The message classifier determines whether an incoming text is a new task, a follow-up, a general question, or a revoke command. I started with Google Gemini 2.0 Flash — fast and cheap but not great at nuanced classification.

The real problem wasn't the model though. It was the prompt. I'd written it example-heavy:

**FOLLOW_UP** examples:
- "Yes, do that"
- "No, try again"  
- "ok"
- "sure"

Examples don't scale. There are infinite possible messages. I rewrote the prompt to be principle-based:

**CORE PRINCIPLE:**
- NEW_TASK: User introduces a NEW problem/request not in context
- FOLLOW_UP: User continues discussing the SAME topic in context
- Key question: "Is the user talking about the same thing, or something different?"
 
**DECISION FRAMEWORK:**
Step 1: Is message exactly "revoke"?REVOKE
Step 2: Is this about the service itself?GENERAL_QUESTION  
Step 3: Does context exist?
  - No → NEW_TASK
  - Yes → "Same topic as context?"FOLLOW_UP or NEW_TASK

A logical decision tree instead of enumerated examples. Handles edge cases naturally because it's reasoning from first principles rather than pattern matching.

Switched the model to Claude 3.5 Sonnet, then later to Claude 4.5 Sonnet as it became available. Better reasoning model plus principle-based prompt got classification accuracy to 98%+.


Admin Commands

Our CTO tried to use the reset command and got the free-tier API key prompt. Admin commands were being checked after the free tier limit, so they'd get blocked before reaching the admin handler.

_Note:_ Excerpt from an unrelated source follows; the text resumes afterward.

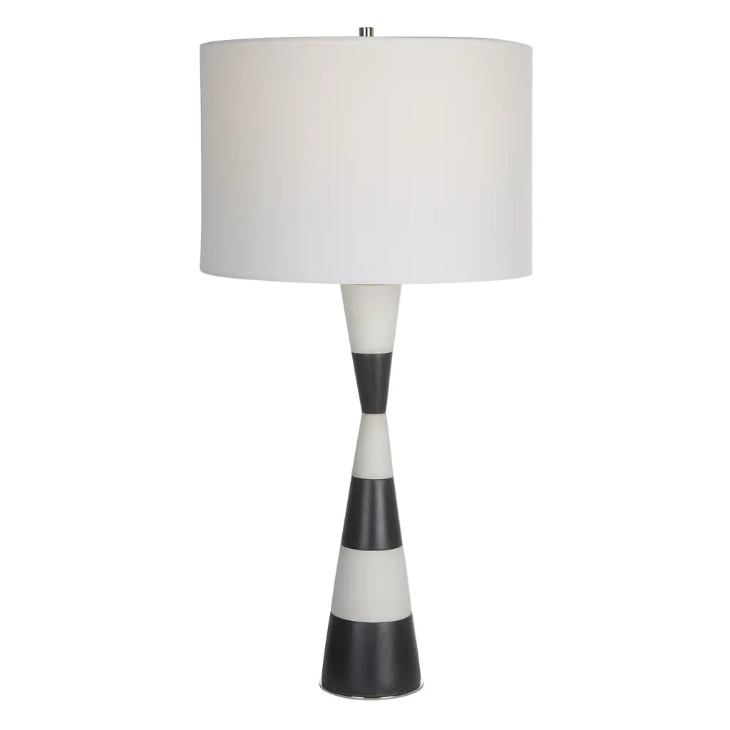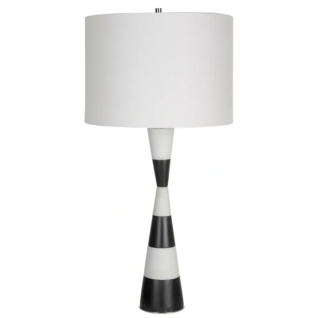 Banded Hourglass Table Lamp With Drum Shade - 29.5" - Black And White - Black

The fix was reordering the checks — admin commands first, then tier limits:

// Admin commands first
if (messageText) {
  const adminHandled = await handleAdminCommand(phoneNumber, messageText);
  if (adminHandled) return;
}
 
// Then tier limits
if (freeTrierExhausted) {
  sendMessage("Please add API key...");
  return;
}

When you have multiple conditional guards, order them from most privileged to least. Small bug, but it revealed a pattern I now use everywhere: check the most specific case before the generic one.


What Changed

The database fix turned a system that would cascade into failure on any Postgres hiccup into one that self-heals. The context window fix turned a chatbot that forgot conversations into one that handles natural back-and-forth. The classifier rewrite turned inconsistent message routing into something that gets it right nearly every time.

None of these were features. They were the difference between a demo and something people can actually rely on. When your infrastructure is unstable, that's not a technical problem — that's a user problem. When follow-ups don't work, that's not a classification problem — that's the core value proposition being broken. It's all the same thing: building something people can trust.

The potential here is what keeps me excited. Manus can do a lot — research, code, files, analysis — and all of that is now accessible from the app people check 150 times a day. No context switching, no new tools to learn. Just text and get things done.


Manus on iMessage is live at github.com/photon-hq/manus. BullMQ worker, Redis pub/sub, Prisma ORM, HTTP MCP endpoint.